A portray sitting in storage at a provincial museum in northern France was lately reattributed to Lavinia Fontana, one of many foremost feminine painters of the Italian Renaissance.
The portray in query, Portrait of a Gentleman, his Daughter and a Servant, depicts a father clad in a trendy black go well with with a pleated collar. He’s proven sitting in an armchair subsequent to his equally dressed daughter, who’s giving him a handful of flowers; simply behind them is a maid inserting a basket of fruit.
The work has been held by the Musée de la Chartreuse in Douai since 1857, however was solely reexamined lately. Florentine and Roman artwork specialist Philippe Costamagna noticed the portray in storage and insisted, as he stated to Agence France-Presse, “it’s an Italian portray, Bolognese in spirit from A to Z. Every part is harking back to it: the little lady with the little flowers, the strokes on the collar and on the sleeve.”
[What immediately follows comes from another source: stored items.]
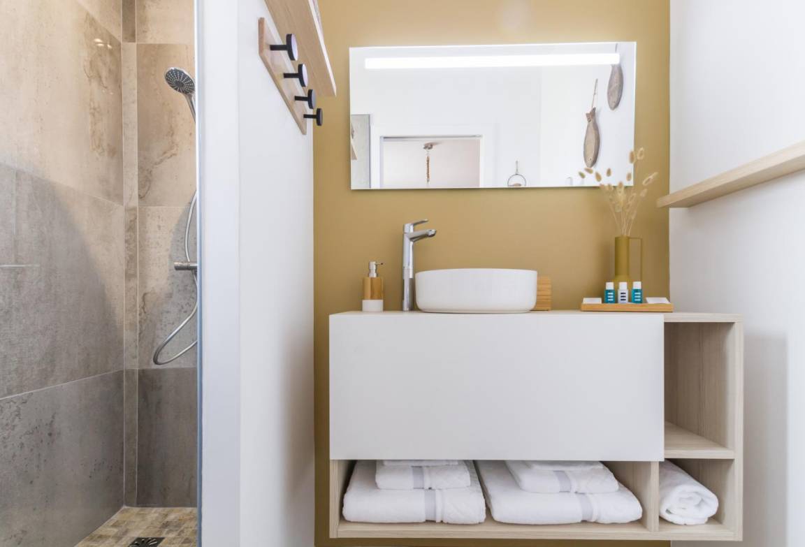 „Petit bijou de confort et d'élégance. Un grand souci de la décoration. Les matériaux et les objets (douche, lavabos, etc.) sont de belle qualité. Deux douches séparées. Environnement très calme. Une terrasse bien abritée et aménagée avec soin. Une belle surprise de rencontrer de tels gîtes.“
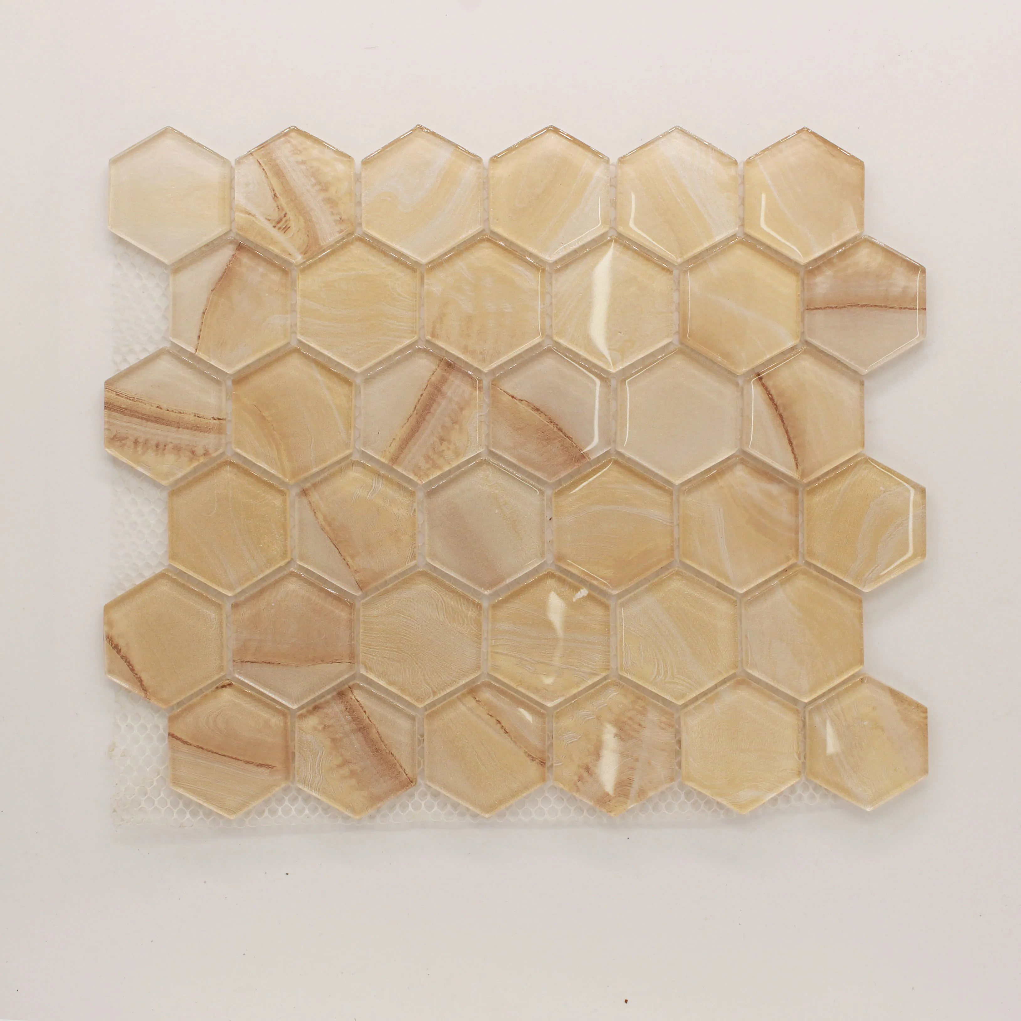 Mozek Kaca Kristal Pool Mosaic Swimming White Hexagon Room Decor Stickers Wall Floor Tiles Kitchen Backsplash Mosaic Glass Tile
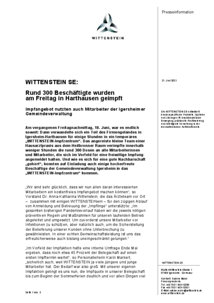 WITTENSTEIN SE: Rund 300 Beschäftigte wurden am Freitag in Harthausen geimpft
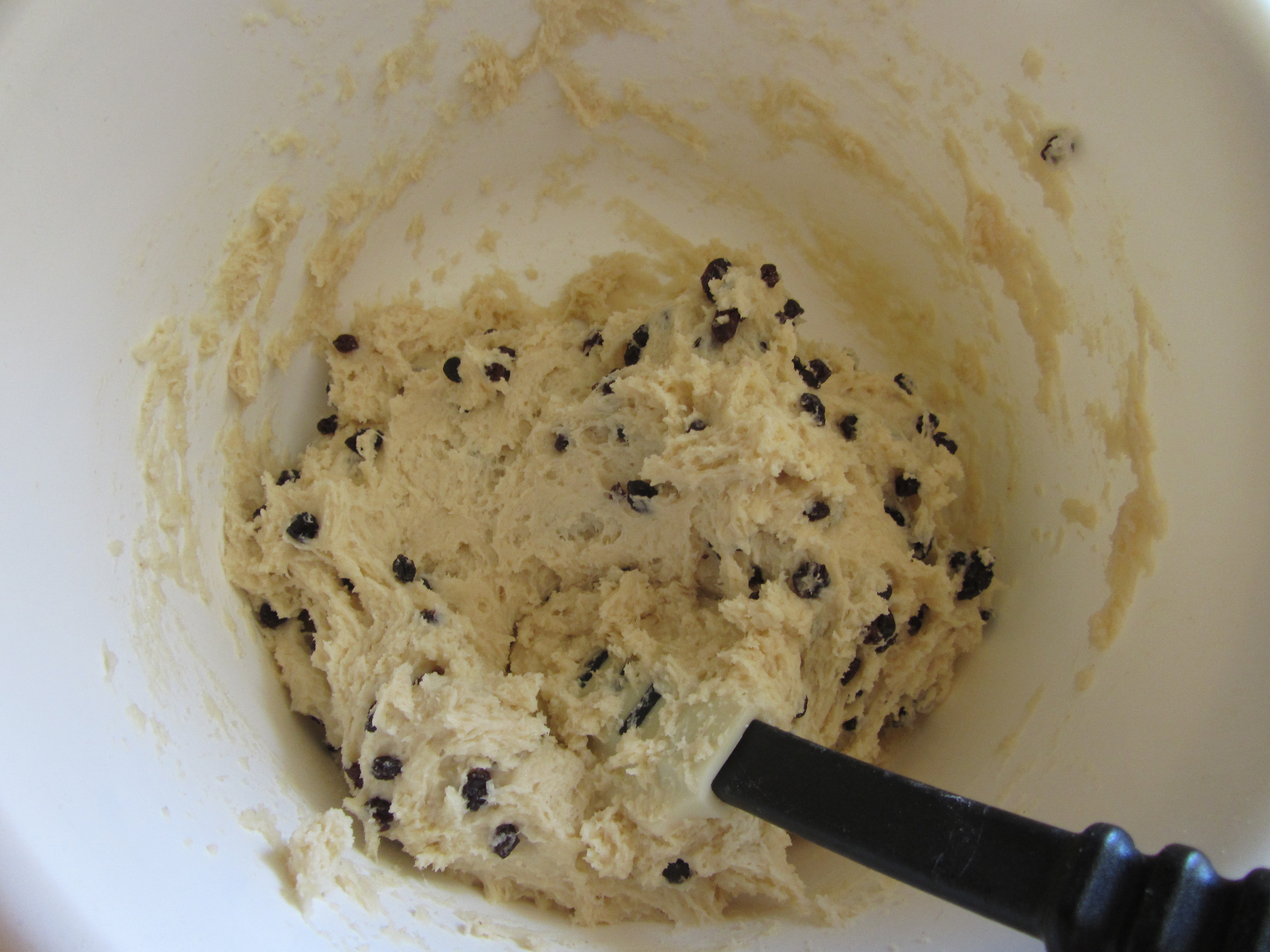 Currants or dried cranberries (I used currants) are then lightly mixed into the dough, which is turned out onto a board and cut into individual scones.
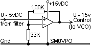 The 100K resistor will give the Op-Amp a gain of 2 with 5v DC input, but a gain of only 1.2 at 1v DC input. This gives us an output voltage swing of 0v DC to 10v DC. 150K would give up to 15v. Select the resistor for the maximum voltage you need to drive your varicap diode. You will, of course, need at least this voltage to power the Op-Amp.
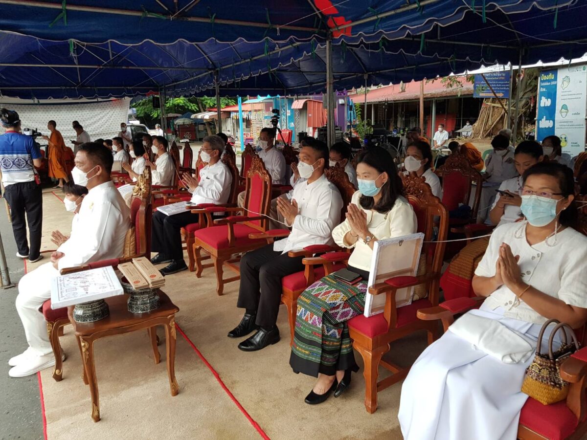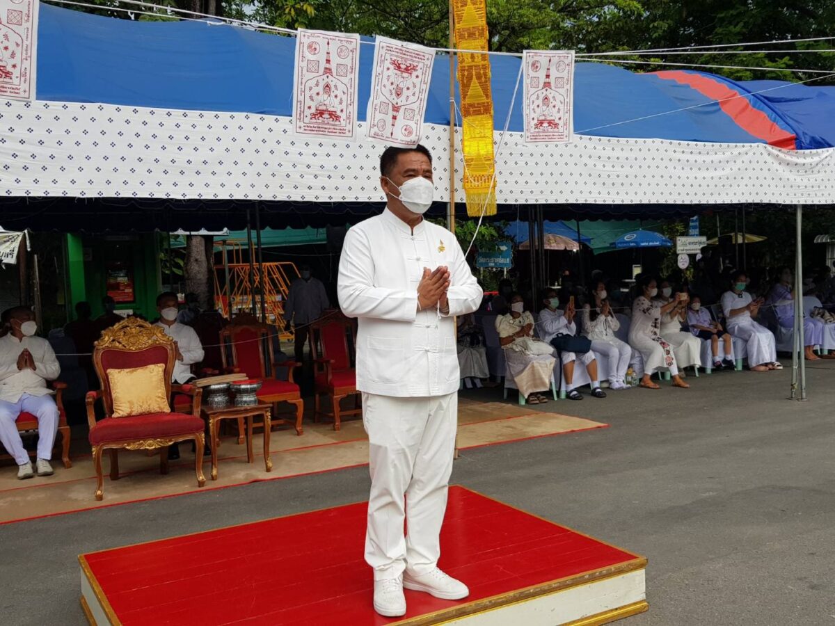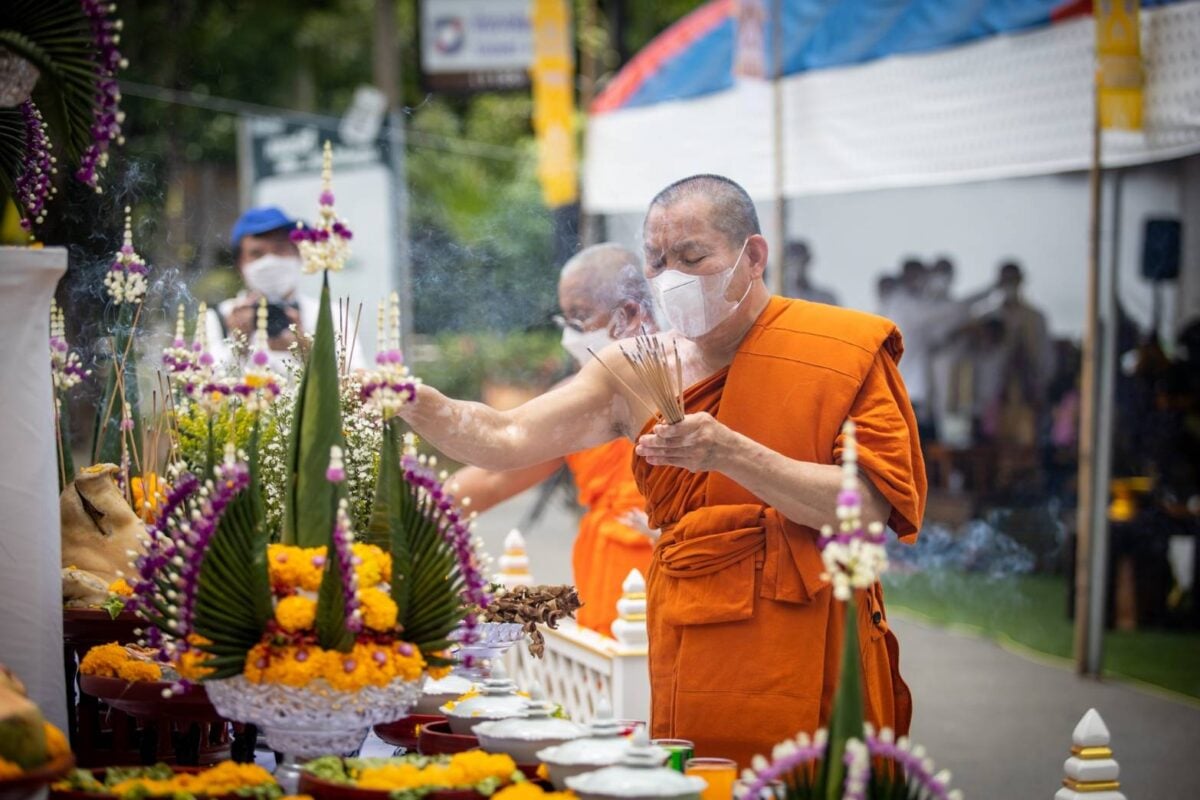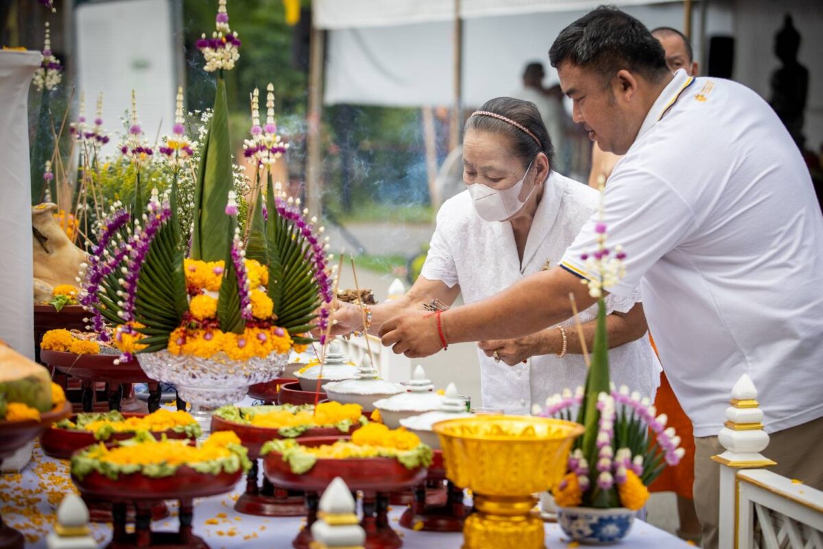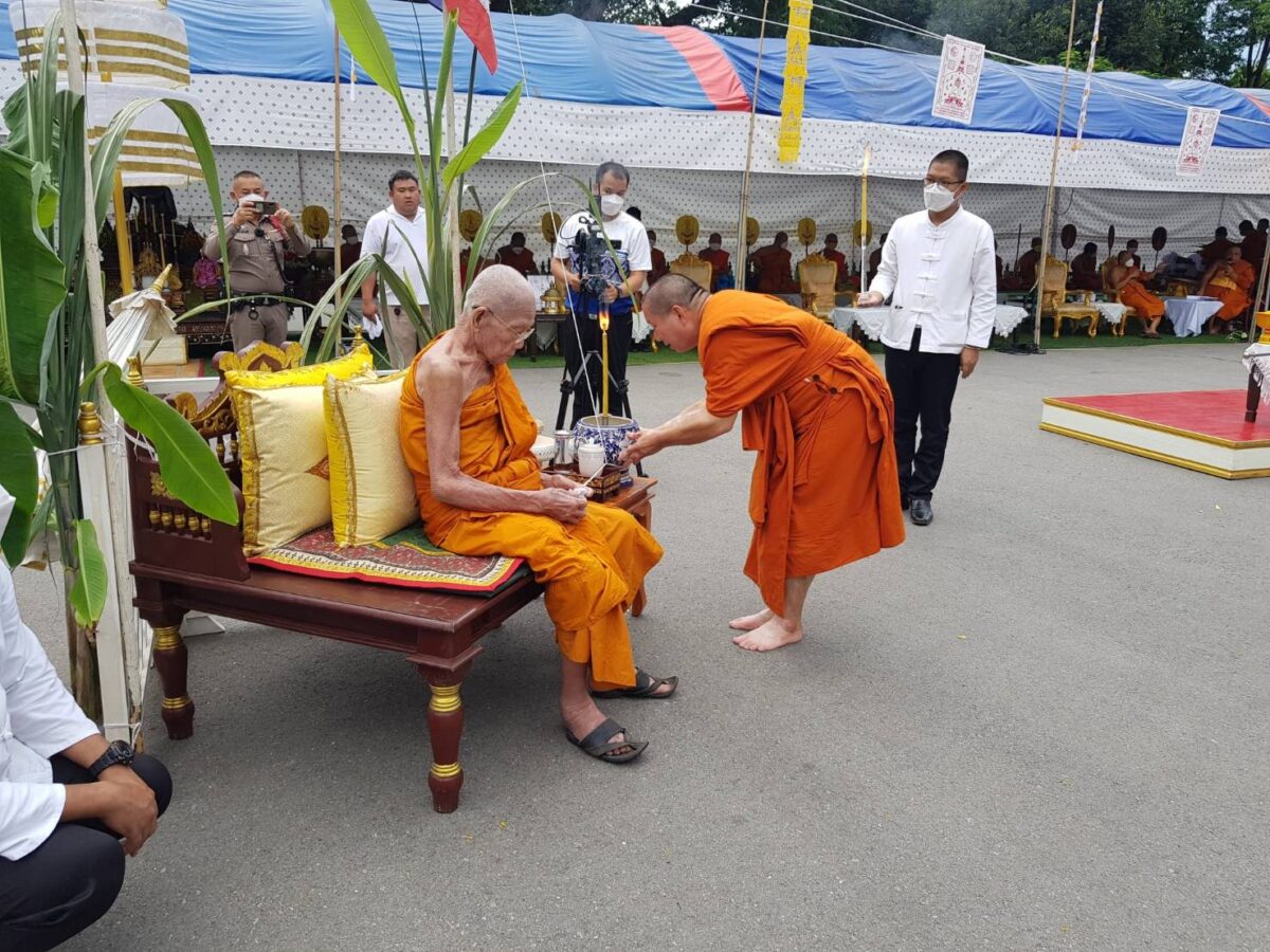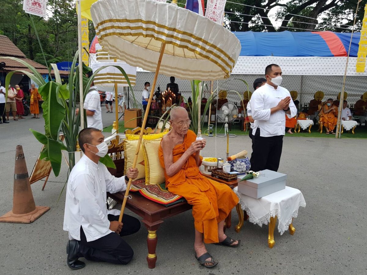 ต่อด้วย เวลา 11.19 น ฃ พระราชปัญญาภรณ์ รองเจ้าคณะภาค 6 วัดนางชี พระอารามหลวง กทม.นำพระมหาเถราจารย์ เจริญพระพุทธมนต์ ธัมมจักกัปปวัตนสูตร เสร็จแล้วโปรยข้าวตอกดอกไม้ และประพรหมน้ำพระพุทธมนต์ เงินแท่ง พระสงฆ์เจริญชยมงคลคาถา

The piece was beforehand attributed to the Flemish Renaissance painter Pieter Pourbus (1523–84), however upon additional examine, the work was reattributed to Lavinia Fontana.
“The portray is in wonderful situation; it hasn’t been badly restored previously, so it hasn’t been distorted. The restoration will improve it,” Costamagna added.
Fontana was a trailblazer. She is assumed to have been one of many first girls to professionally paint within the West. Born in Bologna in 1552, she educated below her father Prospero and died in Rome in 1614. She paved the best way for girls artists who got here after her, just like the Baroque painter Artemisia Gentileschi (1593–1653).